Virtual with Virtue – 3 more artists to see IRL

Three months of lockdown… that’s a lot of online art. It’s easiest, for sure, to appreciate the virtual offerings of artists whose work you have already seen ‘for real’. But I have also been newly interested in artists now on my list of ‘see IRL when you get the chance’. Such as these three to go with the three last week…

Kinke Kooi: ‘Sweet Care’ 2014 (top)

I discovered  Kinke Kooi’s 40 year back catalogue via a show of new work at Exile, Vienna: the wonderfully-named Dutch artist’s softly visceral microcosmic drawings, some with such as buttons, shells and Q-tips (as above) attached, make up a tempting garden of desire from an interior bodily perspective. 


Albina Mokhryakova: ‘Maybe Therapy?’ 2020.

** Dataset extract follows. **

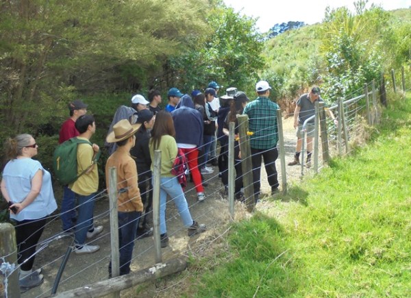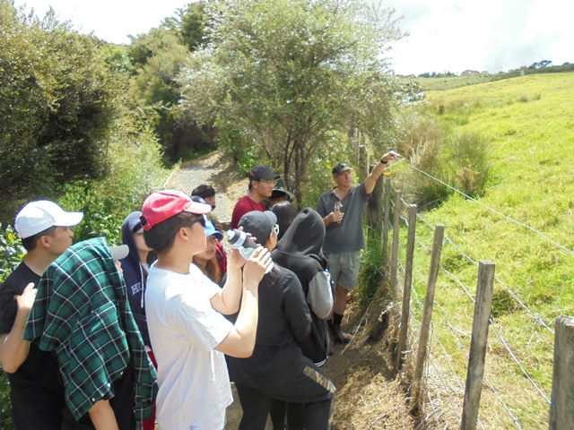 At the top of the property, Thomas also showed them the Kaipara Harbour and the Araparera River so the students could see the connection between the CUE Haven waterways and the harbour and better appreciate how improving water quality at CUE Haven was helping the harbour.

The young Russian artist’s performatively-based practice has included crawling round an art fair, tennis actions without balls and the aestheticisation of bruises. ‘Maybe Therapy?’ arises from a performance which criticised pharmacological treatments for depression by proposing that the best use of such pills was to lay them out into a beautiful pattern as part of a more spiritually-based approach. Here the pattern makes a mask of sorts, evidently ineffective in a Covid-19 context but alluding to the potential for lockdown regimes to increase mental health problems. At the Museum of Contemporary Art Metelova in Ljubljana.


Pere Llobera: ‘Rococo Guardrail’ 2018

This shows the side of a road where the crash barrier has been transformed into a golden ‘Rococo’ frame, all curls and shine. According to the artist he painted the spot where motorcyclists find their death, making it at least a beautiful place.  I also like how the barrier takes on the writhing form of the trees, as it resists its more natural art allegiance to the controlled contours of geometric minimalism, leaving that to the road markings. At Hidde van Seggelen in Hamburg.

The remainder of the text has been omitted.